The stock has compounded by 48% (!) since its inception in 2016.
Let’s take a closer look at this fast-growing niche insurance business.
Business Model
Kinsale Capital Group was founded in 2009. It specializes in excess and surplus lines insurance, also known as E&S, a sub-market in the insurance industry.
The company underwrites risks that standard carriers find difficult to insure. Insurance that is easy to insure can be viewed as a commodity (cars, houses, travel insurance). What Kinsale insures is much harder to calculate a risk/reward for. This naturally creates higher barriers to entry than for the insurance business as a whole.
Value proposition: Kinsale offers customized insurance solutions to underserved markets, providing tailored policies that cater to unique risks.
Examples of E&S insurance: Data breaches, cyber security risk, insuring body parts (Think Tom Brady’s throwing arm), art collections, and historical artifacts.
These are hard to analyze with limited data.
Kinsale targets small to medium-sized businesses with unique or hard-to-place risks. The company’s diverse portfolio includes construction, manufacturing, and professional services.
The E&S insurance market
Kinsale operates in the attractive, yet competitive, specialty insurance market. The growing complexity of risks and increasing regulatory requirements make this sector vital.
E&S represents a specialized insurance market that fills the gaps where standard carriers hesitate. Kinsale addresses challenging and often high-risk cases from mobile homes to multinational oil companies and everything in between.
Market potential: The specialty insurance market is expected to grow at a CAGR of 9% until 2030, driven by the rising demand for customized insurance solutions.
Changing industry dynamics
The insurance industry is expected to go through a transformation in the coming decade. The main drivers for this change:
Increase of viruses/disease
Armed conflicts (Up significantly since 2010)
Global warming as a catalyst for extreme weather
The ability to adapt to the changing risk environment will be vital for insurers to make sure their underwriting is effective.
Kinsale is in a position where they can pick their spots, they are relatively small and can pick and choose what they believe will yield the best returns.
Revenue Streams
Revenues are generated via premiums and investment income. This provides Kinsale with predictable cash flows.

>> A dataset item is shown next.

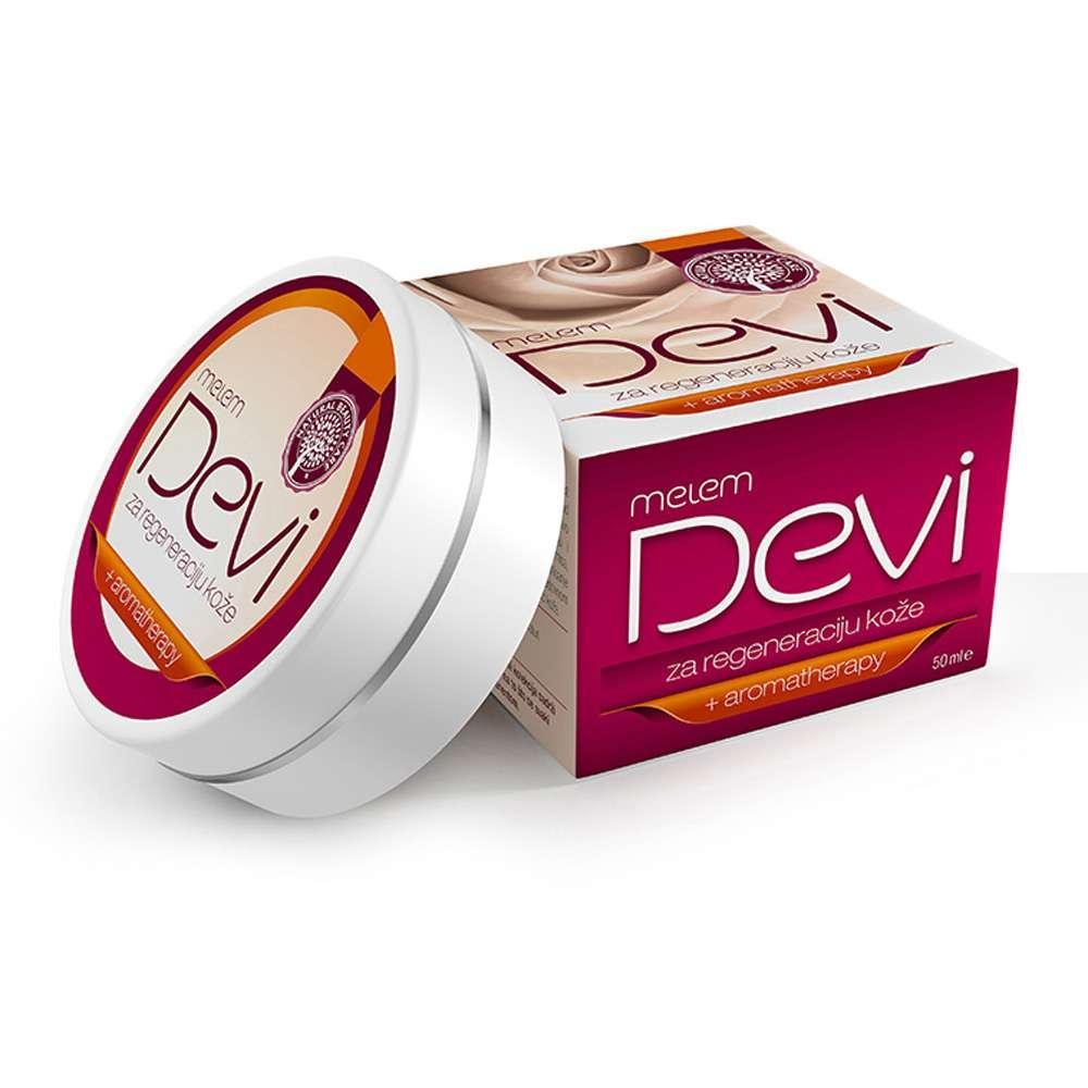 Svi sastojci Devi melema za regeneraciju imaju blagotvorno dejstvo na otklanjanje svraba i perutanja kože, istovremeno otklanjajući ljuspičasti površinski sloj kože kod ekcema i psorijaze. Melem smiruje zapaljenske procese i reguliše vlažnost kože što predstavlja dobru preventivu protiv oštećenja kože.

Premiums (85.8% of revenue): Income from policyholders’ payments for insurance coverage. This represents $1,144.9M in the last twelve months.
Investment income (14.2% of revenue): Returns from investing the premiums collected. This represents $189.3M in the last twelve months, where:
60.5% comes from total interest and dividend income
23.4% comes from gain (loss) on the sale of investments
16% comes from “other revenues
Capital light business model
Ideally, we want to own capital-light businesses that require little capital to grow.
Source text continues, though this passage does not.